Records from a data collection
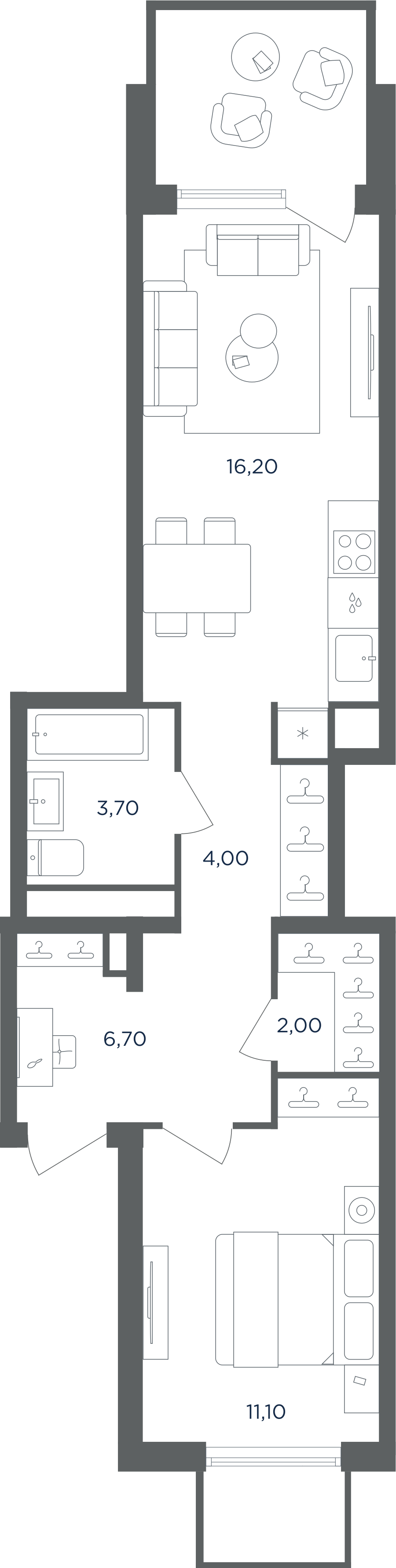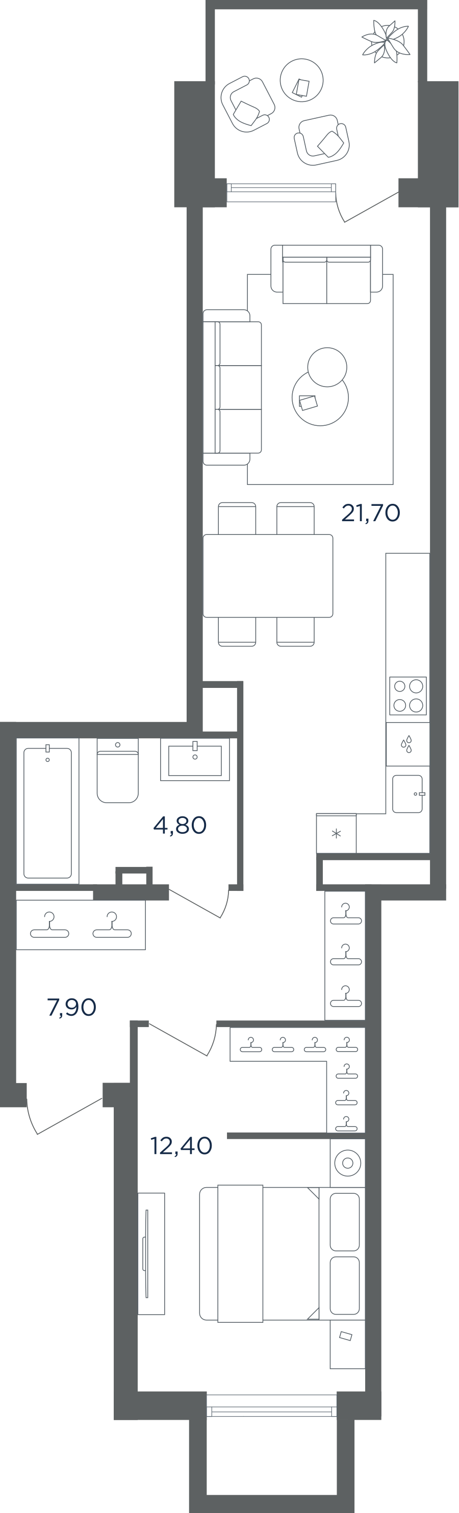 Покупатели могут выбрать квартиры разных площадей и планировок. Это могут быть как квартиры, так и апартаменты площадью от 27 до 93 кв. м. Среди предложений есть квартиры евроформата. На последних этажах у всех квартир имеются видовые террасы. А в распоряжении жителей первых этажей — собственные участки придомовой территории.
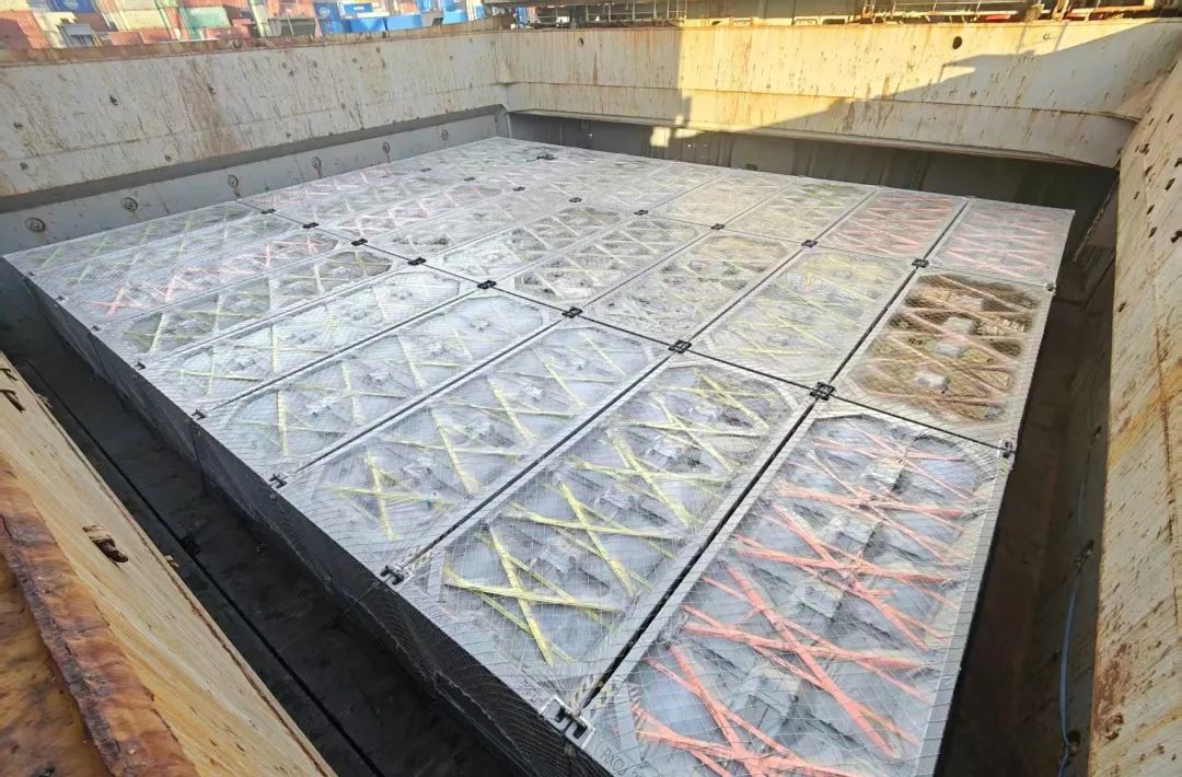 儲能柜屬9類危險品,價值高、重量大,為確保貨運(yùn)安全,特運(yùn)業(yè)務(wù)部門與技術(shù)團(tuán)隊(duì)深度交流,針對船舶底艙特點(diǎn),制定詳細(xì)裝載方案,并聯(lián)動所屬船技工程公司,趕制配套襯墊鋼板,在各相關(guān)方密切配合下,348臺儲能柜經(jīng)過悉心配載綁扎,全部符合海事局裝載規(guī)范,穩(wěn)穩(wěn)坐上特運(yùn)大船。
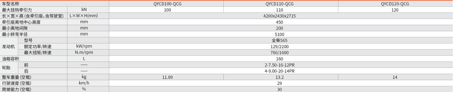 QYCD100/110/120-QCG符合国家最新排放法规的低转速大扭矩发动机,整机动力强劲,高效能四轮钳盘式动力制动,制动平稳可靠,散热效果好。
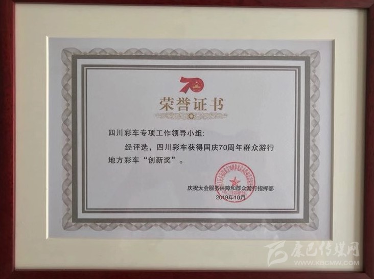 本網(wǎng)訊(楊藝茂)10月9日,記者從省文化和旅游廳獲悉,經(jīng)慶祝大會服務(wù)保障和群眾游行指揮部評選,四川彩車專項(xiàng)工作領(lǐng)導(dǎo)小組榮獲國慶70周年群眾游行地方彩車“創(chuàng)新獎”。
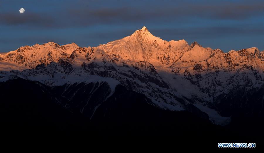 The moon hangs in the sky as sunshine casts light on the top of the Meili Snow Mountains in Deqen County of Diqing Tibetan Autonomous Prefecture, southwest China's Yunnan Province, March 25, 2016. The Meili Snow Mountains, with the highest peak Kawagebo at an altitude of 6,740 meters, is always shrouded by fog and clouds. It is rare to see its mountain tops in the sunshine with a moon in the sky. (Photo: Xinhua/Lin Yiguang)
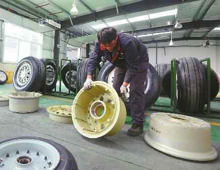 在翔宇航空,工作人员对飞机轮胎进行检修。
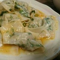 本当はワンタンですが、餃子の皮が余ってたのでそちらで作りました。正直タレが餃子の皮に負けてしまい、あんまり味がしませんでした(^^;
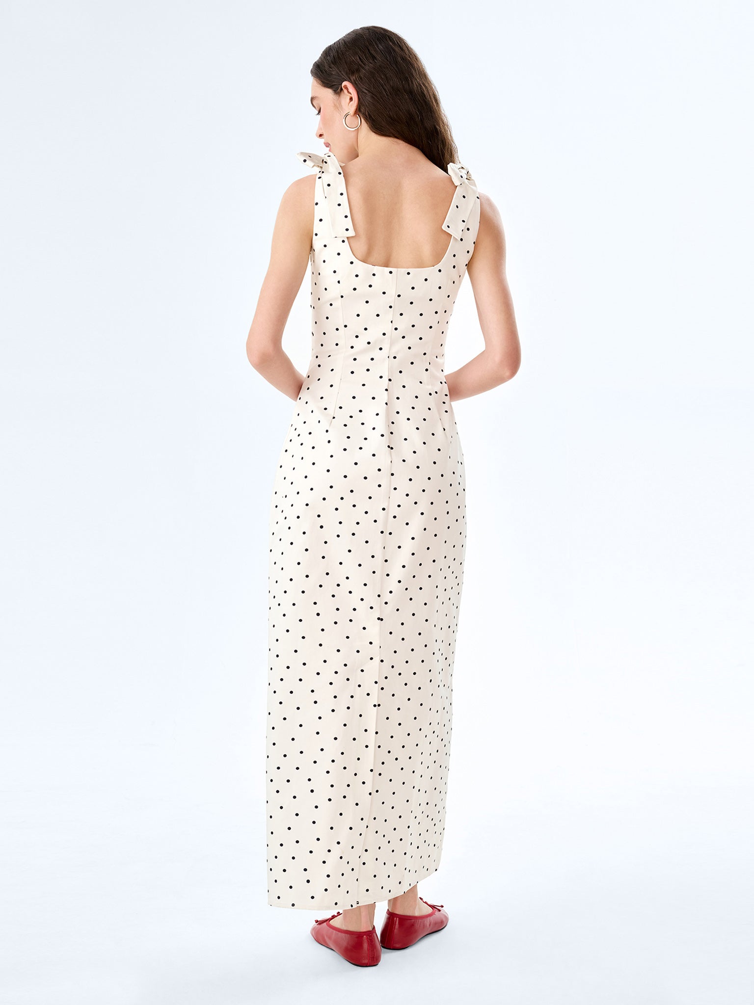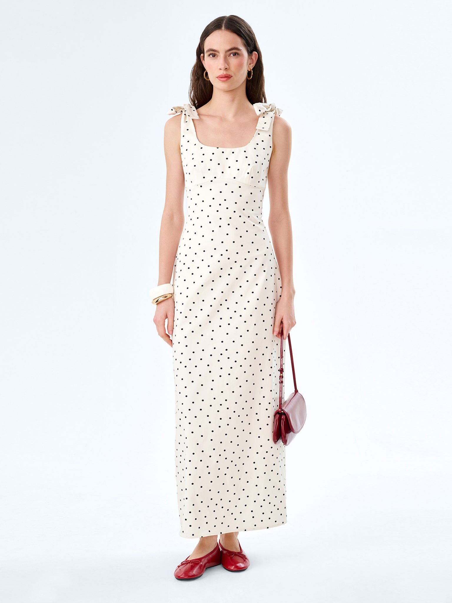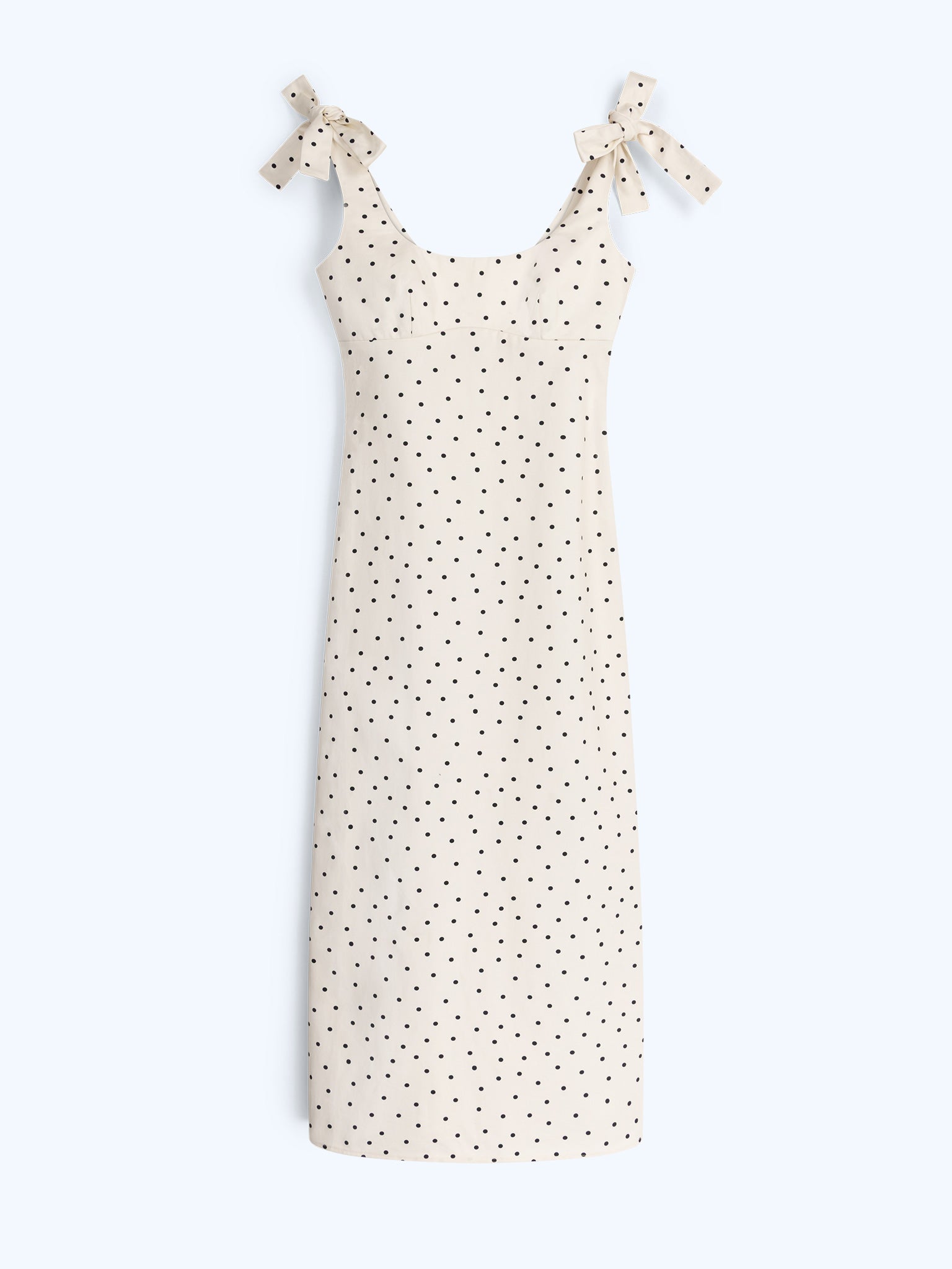 The Morgane Dress is effortless, feminine and made for every day. Crafted from breathable cotton, this A-line midi dress features a flattering scoop neckline and a fitted bodice that flows into a softly flared skirt. Designed in classic white with a polka dot print, functional tie straps add a relaxed, playful touch.

● **What the task asks**: Write out the lines from the line with "本当はワンタンですが、餃子の" through the end of the records exactly; do not include pictures or any other lines.

● **Answer space**:
 本当はワンタンですが、餃子の皮が余ってたのでそちらで作りました。正直タレが餃子の皮に負けてしまい、あんまり味がしませんでした(^^;
 The Morgane Dress is effortless, feminine and made for every day. Crafted from breathable cotton, this A-line midi dress features a flattering scoop neckline and a fitted bodice that flows into a softly flared skirt. Designed in classic white with a polka dot print, functional tie straps add a relaxed, playful touch.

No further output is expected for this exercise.